After lasering the larger hemorrhoids, smaller hemorrhoids are now vaporized, with the laser in the vaporizing mode. This produces a small, painless scar, which heals quickly. If we vaporize a larger internal hemorrhoid we might band it first to control possible bleeding.
Sometimes the internal and external hemorrhoids are separated by a bridge of anal skin. In this case, we will vaporize the internal hemorrhoid with the wide angle laser beam and excise the external hemorrhoid with the cutting beam. This gives us a lot of flexibility, which is not available with the surgical excision approach.
As you can see, the procedure is safer using IV sedation and local anesthesia with the patient lying comfortably on their back, than general intubation anesthesia with patients lying on their stomachs limiting their ability to breathe normally.
When comparing laser removal to traditional surgical excision of hemorrhoids.
1, laser treatment is more effective,
2, with less tissue damage,
3, has the ability to remove more of the hemorrhoids,
4, and because of the decreased tissue damage there is less pain,
5, and a speedier recovery.
6, and most of all, fewer complications.
After Surgery
Patients awaken quickly, without nausea or headache, and a feeling of well being. There is no pain, as the long acting local anesthesia is now working.
The patient is returned to their family member or friend, as, because of the sedation patients cannot drive themselves home. Once home, patients can take prescribed pain medication if necessary. Any discomfort is usually controlled by sitting in warm water as long as they wish. A cup of epsom salts added to the water is very soothing. We suggest stool softeners in the post treatment period. The first bowel movement can be painful, and it helps to have it in a sitz bath, which is a small bowl that can be bought at any pharmacy cheaply, and fits on the toilet bowl. A teaspoon of Epsom salts can be added to the water for added comfort. The healing area should be cleansed by dabbing with a baby wipe, or using a plastic squirt bottle that we provide, that can be filled with warm water.

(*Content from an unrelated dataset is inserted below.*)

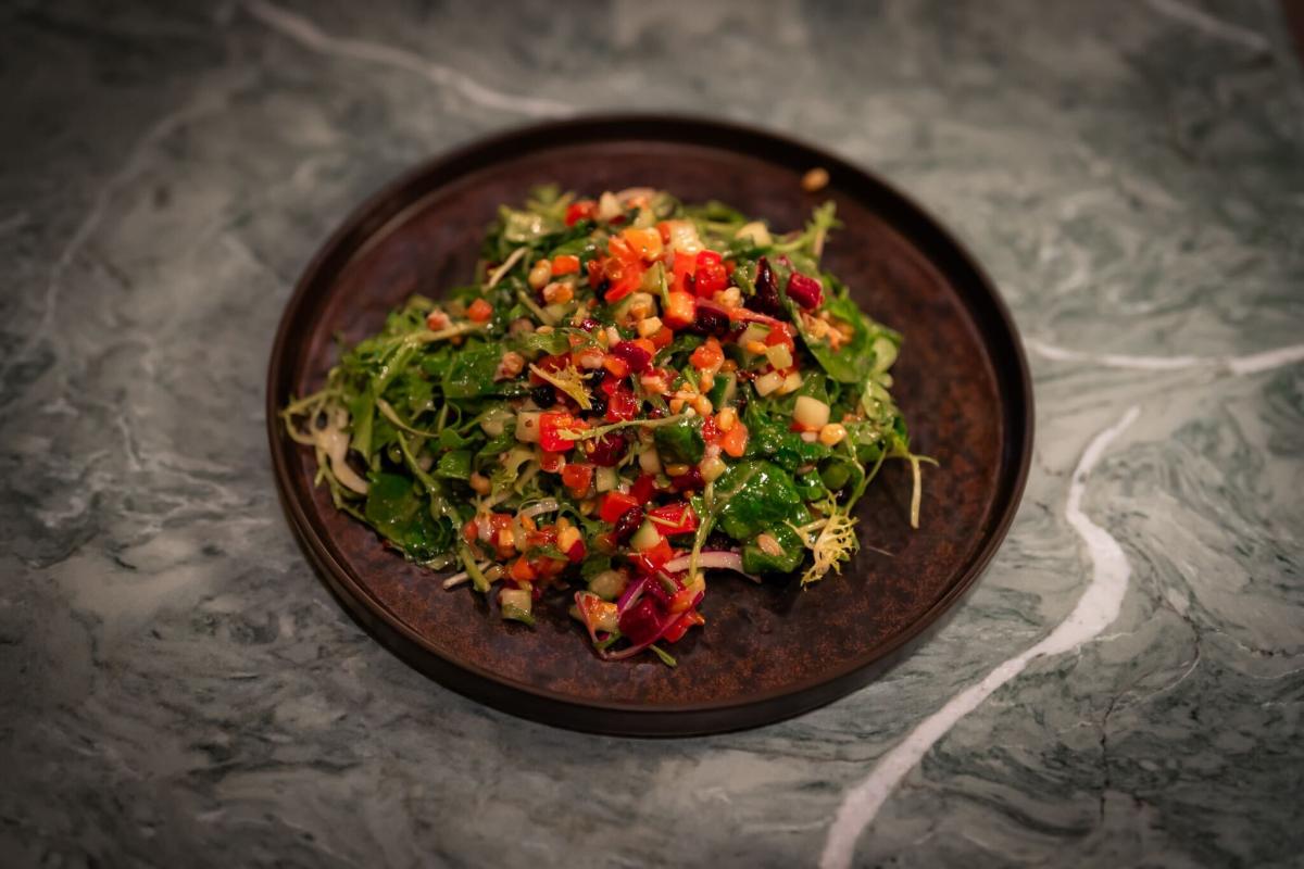 Kale, arugula, frisée, cucumbers, tomatoes, red onions, and beets drizzled in an herb vinaigrette

Healing is rapid, and most patients are back to normal, and can return to work in three to five days, depending on the severity of the hemorrhoids. A follow up appointment is usually not needed unless the patient has questions.
Complications
Except in very rare occasions, the hemorrhoids will not come back. We have performed over three thousand laser hemorrhoid procedures, and it is very rare for us to see a recurrence. We calculate less than one in one hundred.
Light Bleeding may occur, but no more than ten days after treatment, and never enough to cause alarm. After any type of surgery, a secondary hemorrhage (bleed) can occur, usually on about the tenth day after the procedure. We see approximately one a year, and out of three thousand patients, only two have required blood transfusion, and both recovered uneventfully.
Urinary retention (inability to pass urine) rarely occurs, and is almost always in men with a history of prostate disease. We maybe see two a year who require catheterization out of 750 patients.
We do not know of any patient who has lost the ability to control stool or gas after laser hemorrhoid treatment.
We also do not know of any patient who has suffered narrowing of the anus.
Infection does not occur after laser hemorrhoid treatment, so antibiotics are never necessary.
No patient has died or suffered a major postoperative complication, requiring hospitalization, as a result of the laser hemorrhoid procedure.